Я не могу больше ждать. Вечером, когда солнце спускается к холмам над мысом Венеры, я иду к входу в расселину. Лихорадочно взбираюсь по закрывающим его камням и начинаю бить киркой в стены, рискуя быть заваленным. Я не желаю больше думать о расчетах, вехах. Я слышу стук своего сердца, свое хриплое, тяжелое дыхание, грохот осыпающихся из-под кирки кусков земли и сланца. Это успокаивает меня, избавляет от тоски.
В ярости я швыряю стофунтовые камни в стены расселины, в перегретом воздухе стоит запах плесени. Я будто пьян, пьян от одиночества, от безмолвия - поэтому я и швыряюсь камнями, поэтому и говорю сам с собой, вот так: "Давай!
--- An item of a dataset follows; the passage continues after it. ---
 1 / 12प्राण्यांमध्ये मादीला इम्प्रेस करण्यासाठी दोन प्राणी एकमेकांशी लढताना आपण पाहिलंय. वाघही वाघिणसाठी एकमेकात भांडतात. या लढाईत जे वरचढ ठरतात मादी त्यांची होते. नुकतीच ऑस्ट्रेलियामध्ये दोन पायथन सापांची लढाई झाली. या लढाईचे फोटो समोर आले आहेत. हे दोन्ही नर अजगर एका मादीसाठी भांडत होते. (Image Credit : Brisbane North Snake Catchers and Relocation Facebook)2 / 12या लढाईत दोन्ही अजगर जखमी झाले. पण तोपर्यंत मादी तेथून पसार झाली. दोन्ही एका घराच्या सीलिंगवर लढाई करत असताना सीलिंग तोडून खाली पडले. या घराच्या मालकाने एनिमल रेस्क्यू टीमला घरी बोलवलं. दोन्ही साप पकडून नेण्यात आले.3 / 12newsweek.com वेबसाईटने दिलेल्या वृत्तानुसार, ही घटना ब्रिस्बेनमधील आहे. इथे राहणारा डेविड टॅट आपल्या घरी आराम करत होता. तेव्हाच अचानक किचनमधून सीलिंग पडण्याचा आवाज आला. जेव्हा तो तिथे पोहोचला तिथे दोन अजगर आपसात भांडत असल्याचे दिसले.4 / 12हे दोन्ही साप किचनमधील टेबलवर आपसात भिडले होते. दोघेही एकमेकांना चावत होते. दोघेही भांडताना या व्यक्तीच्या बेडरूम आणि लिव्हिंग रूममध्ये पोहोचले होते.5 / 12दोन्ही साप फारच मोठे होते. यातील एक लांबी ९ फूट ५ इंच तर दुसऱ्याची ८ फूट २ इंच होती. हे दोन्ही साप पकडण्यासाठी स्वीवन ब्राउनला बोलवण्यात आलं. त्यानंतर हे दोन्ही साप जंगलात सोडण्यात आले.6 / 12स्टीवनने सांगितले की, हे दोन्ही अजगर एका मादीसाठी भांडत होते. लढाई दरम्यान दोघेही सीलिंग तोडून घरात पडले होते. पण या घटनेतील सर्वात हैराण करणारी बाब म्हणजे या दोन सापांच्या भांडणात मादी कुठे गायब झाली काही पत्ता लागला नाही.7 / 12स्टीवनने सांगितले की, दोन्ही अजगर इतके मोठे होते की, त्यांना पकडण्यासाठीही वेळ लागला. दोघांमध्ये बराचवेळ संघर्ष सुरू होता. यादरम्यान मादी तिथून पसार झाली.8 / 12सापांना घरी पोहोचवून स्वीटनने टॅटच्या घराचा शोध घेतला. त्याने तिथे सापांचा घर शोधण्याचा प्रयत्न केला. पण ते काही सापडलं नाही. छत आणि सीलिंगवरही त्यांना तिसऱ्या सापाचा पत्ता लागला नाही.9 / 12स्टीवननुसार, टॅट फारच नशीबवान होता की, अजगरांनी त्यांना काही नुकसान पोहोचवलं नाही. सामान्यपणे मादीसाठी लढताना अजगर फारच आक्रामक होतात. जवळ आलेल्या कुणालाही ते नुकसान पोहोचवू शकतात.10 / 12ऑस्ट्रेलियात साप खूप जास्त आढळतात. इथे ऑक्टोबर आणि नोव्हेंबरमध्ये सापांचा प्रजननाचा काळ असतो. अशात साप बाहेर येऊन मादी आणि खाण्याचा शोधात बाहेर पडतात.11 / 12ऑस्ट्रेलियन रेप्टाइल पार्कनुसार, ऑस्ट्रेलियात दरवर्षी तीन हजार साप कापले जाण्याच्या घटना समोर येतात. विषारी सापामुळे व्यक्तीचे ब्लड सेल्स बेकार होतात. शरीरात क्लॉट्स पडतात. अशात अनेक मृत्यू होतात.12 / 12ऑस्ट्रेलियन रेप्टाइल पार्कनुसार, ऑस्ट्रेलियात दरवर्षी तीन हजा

Сюда!.. Еще! Еще раз!.."
В самой глубине расселины громоздится куча базальтовых глыб, таких больших и старых, что у меня нет сомнений: их прикатили сюда с вершины черных холмов. Чтобы сдвинуть их, понадобилось бы несколько человек, но я не могу дожидаться чернокожих помощников с окрестных ферм - Рабу, Адриена Меркюра или Фрица Кастеля. Сделав ценой неимоверных усилий небольшой подкоп под первым камнем, я просовываю туда конец кирки и наваливаюсь, как на рычаг, на рукоятку. Глыба чуть подается, слышно, как в глубокую яму сыплется земля. Но тут рукоятка кирки обламывается, я падаю и с размаху налетаю на каменную стенку.
Какое-то время я лежу оглушенный. Потом, кое-как придя в себя, чувствую в волосах и на щеке теплую жидкость - кровь. От слабости мне не встать, и я так и остаюсь лежать на земле, опершись на локоть и прижав к затылку носовой платок, чтобы остановить кровотечение.
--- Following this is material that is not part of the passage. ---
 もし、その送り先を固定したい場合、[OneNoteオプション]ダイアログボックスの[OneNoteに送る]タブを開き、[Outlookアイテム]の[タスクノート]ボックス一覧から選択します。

Незадолго до темноты меня выводит из оцепенения какой-то шум, раздающийся снаружи, у входа в расселину. В бреду я хватаюсь за обломанную рукоятку кирки, чтобы отбиваться ею в случае, если это дикая собака или голодная крыса. Но тут узнаю темнеющую на фоне ослепительного неба тоненькую фигурку Шри. Он идет поверху расселины и, когда я окликаю его, спускается по осыпи вниз.
В глазах его испуг, но он все же помогает мне подняться и добрести до выхода. Я ранен и слаб, но мне приходится подгонять его, как боязливое животное: "Ну же, давай, иди, вперед!" Мы вместе ковыляем по дну долины к лагерю. Там ждет Ума. Она приносит в котелке воды и черпая ее руками, промывает мне рану, слипшиеся от крови волосы. Она говорит: "Вы так любите золото?"
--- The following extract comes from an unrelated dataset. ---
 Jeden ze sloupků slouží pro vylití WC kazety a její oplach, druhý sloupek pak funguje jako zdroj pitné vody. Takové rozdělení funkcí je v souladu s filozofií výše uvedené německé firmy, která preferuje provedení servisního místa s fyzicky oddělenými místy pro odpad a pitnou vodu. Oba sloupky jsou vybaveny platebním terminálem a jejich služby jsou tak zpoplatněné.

Я рассказываю ей о тайнике, только что обнаруженном мной под базальтовыми камнями, о знаках, указывающих на эти камни и на эту расселину, но моя речь так порывиста и сбивчива, что она, должно быть, думает, будто я сошел с ума. Для нее сокровища не имеют никакого значения; как и все манафы, она презирает золото.
Моя голова повязана носовым платком в пятнах крови. Я ем принесенную Умой пищу - сушеную рыбу и кир. После еды она опускается рядом со мной, и мы долго сидим молча, любуясь ясным небом, какое бывает в преддверии ночи. Стаи морских птиц летят через Английскую лощину к своим убежищам. Я не чувствую больше ни нетерпения, ни гнева.
Ума кладет голову мне на плечо, как в первую пору нашего знакомства. Я вдыхаю запах ее тела, ее волос.
Я рассказываю ей о том, что люблю: о полях Букана, о Трех Сосцах, о сумрачной, опасной долине Мананавы, над которой всегда кружат два "травохвоста". Она слушает не шевелясь, думает о чем-то своем. Я чувствую, что ее тело больше не принадлежит мне. Когда я хочу ее погладить, приласкать, она отстраняется, обхватывает руками длинные ноги, как делает всегда, когда остается одна.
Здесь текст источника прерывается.